The copy you return should hold only the lines from the top of the data below through the line with "ด้าน เปา กิ่งกาญจน์", each duplicated exactly and with no pictures.

DATA Block Start

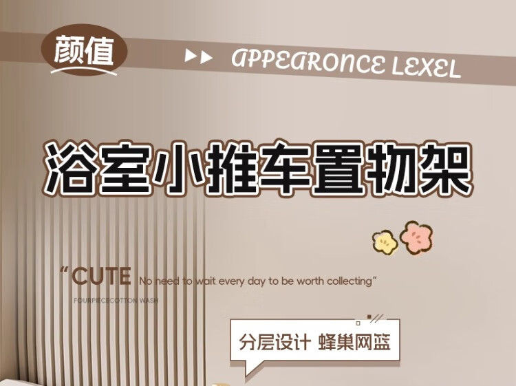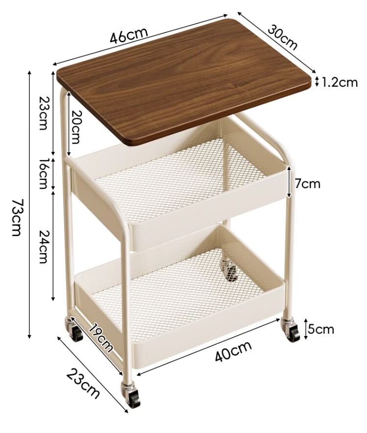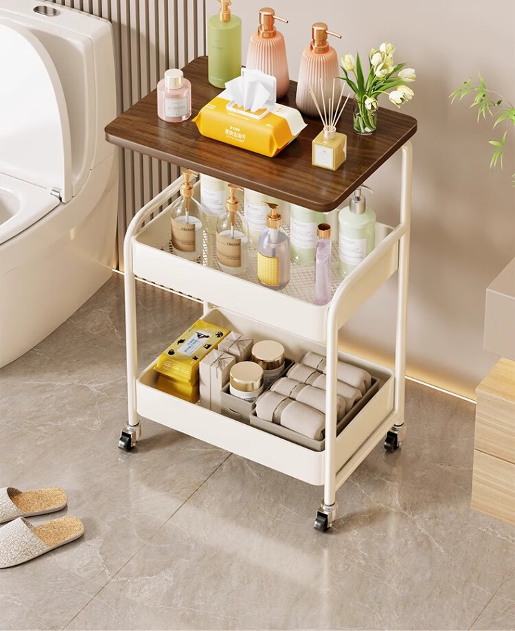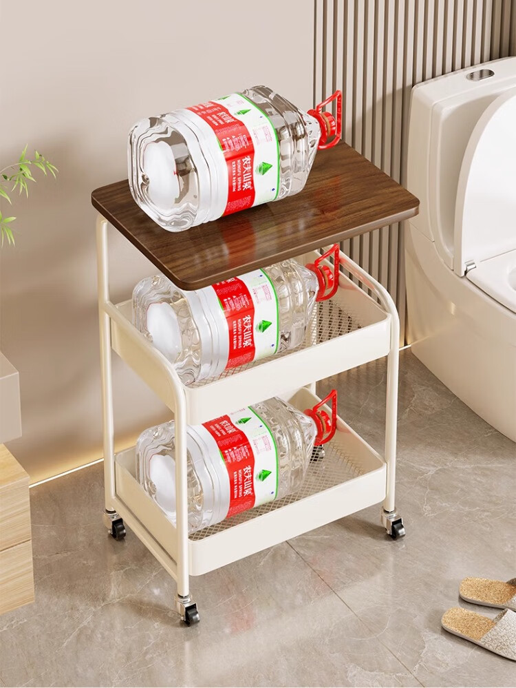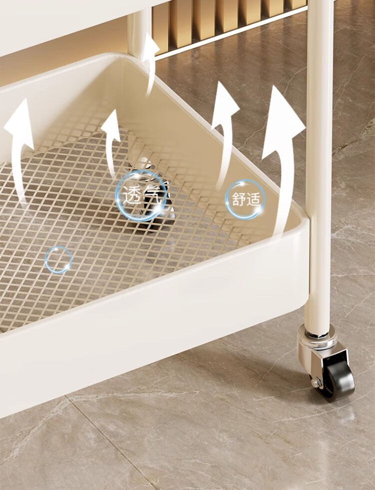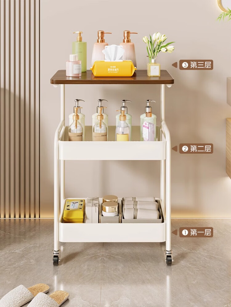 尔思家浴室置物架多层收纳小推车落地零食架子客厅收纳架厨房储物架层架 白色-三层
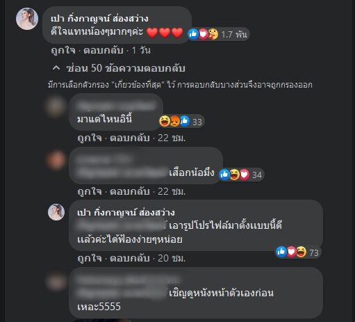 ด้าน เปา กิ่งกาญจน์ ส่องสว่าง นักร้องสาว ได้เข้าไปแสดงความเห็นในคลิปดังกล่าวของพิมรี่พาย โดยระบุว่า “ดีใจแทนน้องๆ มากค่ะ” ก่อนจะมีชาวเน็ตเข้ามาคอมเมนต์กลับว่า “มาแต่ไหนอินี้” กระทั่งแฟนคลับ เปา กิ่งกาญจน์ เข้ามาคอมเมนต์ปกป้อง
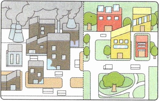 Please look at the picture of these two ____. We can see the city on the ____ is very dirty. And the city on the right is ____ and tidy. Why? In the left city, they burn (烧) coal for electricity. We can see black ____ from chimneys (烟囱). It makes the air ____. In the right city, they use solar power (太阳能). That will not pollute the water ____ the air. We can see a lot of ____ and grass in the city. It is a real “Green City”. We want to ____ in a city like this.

DATA Block End

**THE ANSWER**
 尔思家浴室置物架多层收纳小推车落地零食架子客厅收纳架厨房储物架层架 白色-三层
 ด้าน เปา กิ่งกาญจน์ ส่องสว่าง นักร้องสาว ได้เข้าไปแสดงความเห็นในคลิปดังกล่าวของพิมรี่พาย โดยระบุว่า “ดีใจแทนน้องๆ มากค่ะ” ก่อนจะมีชาวเน็ตเข้ามาคอมเมนต์กลับว่า “มาแต่ไหนอินี้” กระทั่งแฟนคลับ เปา กิ่งกาญจน์ เข้ามาคอมเมนต์ปกป้อง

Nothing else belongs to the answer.